The new funding brings the total amount of money Proterra has secured from investors to $290 million.
Ryan Popple, Proterra’s CEO, said the company had initially aimed to raise $30 to $50 million in its fifth funding round, but investor interest exceeded expectations after Proterra sold more than twice what the company had targeted to sell last year.
In addition, Popple said, investors were impressed when Proterra announced that its 40-foot bus had been driven more than 600 miles on a single charge at Michelin North America’s test track in Laurens. That’s evidence that Proterra buses have enough range to serve virtually any transit route in the United States, he said.
Also helpful in raising the money, Popple said, were conversations between potential investors and Proterra’s existing customers, including the Clemson-area bus system, Clemson Area Transit, which operates six Proterra buses in Seneca.
Popple said Proterra still plans an initial public offering of stock, but no longer views an IPO as necessary to its financing.
“We raised so much capital in this round, if the board of directors decides to take the company public, they can do so based on market conditions as opposed to needing to do it to finance the company,” Popple said.
Eric McCarthy, Proterra’s Greenville-based general counsel and vice president of government relations, said Proterra made about 35 buses in Greenville last year and expects to make about 100 in 2017.
The Greenville factory will manufacture a majority of Proterra’s current backlog of about 230 buses, he said.
McCarthy said Proterra plans to add about 25 people to its existing Greenville workforce of about 160.
Proterra said its latest round of investor funding was led by an undisclosed investor who contributed $40 million.
Other funding came from “several new investors,” Proterra said, and existing board-level investors, which include Kleiner Perkins, a Silicon Valley venture capital firm, and GM Ventures, the venture capital arm of General Motors Corp.
Proterra said it would use the money to launch manufacturing at a previously announced factory in Los Angeles County, Calif., in addition to boosting production in Greenville.
“Proterra will hire key personnel in Los Angeles, Silicon Valley and Greenville to support production growth, as well as implement new manufacturing equipment and systems,” the company said in a news release.
Proterra moved to Greenville from Golden, Colo., as a startup company in 2010, and later relocated its headquarters to Burlingame, Calif., in the San Francisco area.
The company initially bought battery systems for its buses from a vendor, but began making them itself in Burlingame last year.

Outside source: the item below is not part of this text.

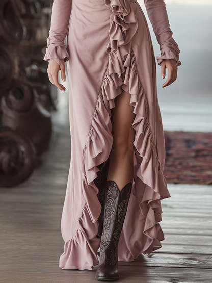 Stylish And Elegant Sporty Pink V-neck Ruffled Sweatshirt Maxi Dress
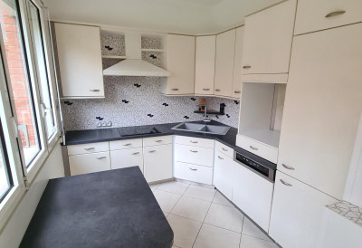 DUNKERQUE centre ville belle maison lumineuse avec jardin et garage située dans une rue calme et proche toutes commodités. Elle offre 145 m² de surface habitable : Une entrée, un séjour-salon avec bow window, une cuisine équipée, et un wc. Aux étages : 5 chambres dont une avec dressing, une salle de bains et une buanderie. Une cave saine de 35 m². Un garage et un stationnement devant garage. Terrasse avec jardin environ 100 m². IDEALEMENT SITUEE !

So far, Proterra’s customer base does not include Greenlink, Greenville’s bus system, but that could change soon.
Gary Shepard, transportation director for the city of Greenville, said Greenlink plans to use $300,000 appropriated by the state Legislature as a “local match” to buy a battery-powered bus from Proterra or another manufacturer.

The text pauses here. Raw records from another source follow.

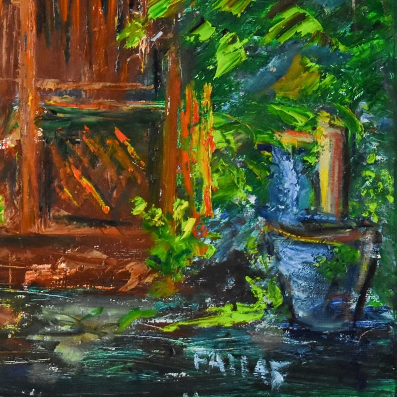 Elliot Fallas, "Zen Garden" Original Oil Painting on Canvas, Hand Signed with Letter of Authenticity. "Zen Garden" is an original oil painting on stretched canvas by Elliot Fallas, hand signed by the artist. Includes Letter of Authenticity. Measures approx. 20" x 16" (image).
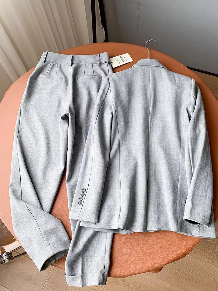 西班牙dan~秋装新通勤气质休闲西装外套+高腰显瘦小直筒西裤套装
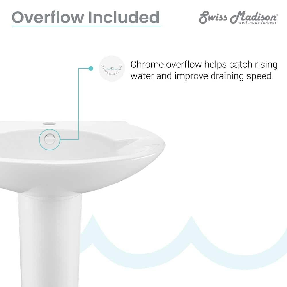 The solid freestanding two-piece design of Swiss Madison’s Sublime pedestal sink is a modern look that brings a unique flair to any bathroom setting. The sink is constructed of durable ceramic for a long-lasting fitting. It’s finish provides a smooth surface for superior shine and easy cleaning. Easy to install and simple to clean. High Gloss finish protects the sink from scratches and stains. Smooth sides make the sink easy to clean and elegant to the eye. Overflow drain included. 1 Year Limited Warranty Included. Dimensions: 22.5 x 17.5 x 32

Greenlink hopes to secure additional money for the bus through a Federal Transit Administration program designed to promote low-emission or no-emission vehicles, Shepard said.
Shepard said he recently talked to Popple about how Greenlink and Proterra can work together.
The cooperation could include Proterra helping Greenlink apply for federal grant money and Greenlink letting the company uses its routes to test new vehicles, he said.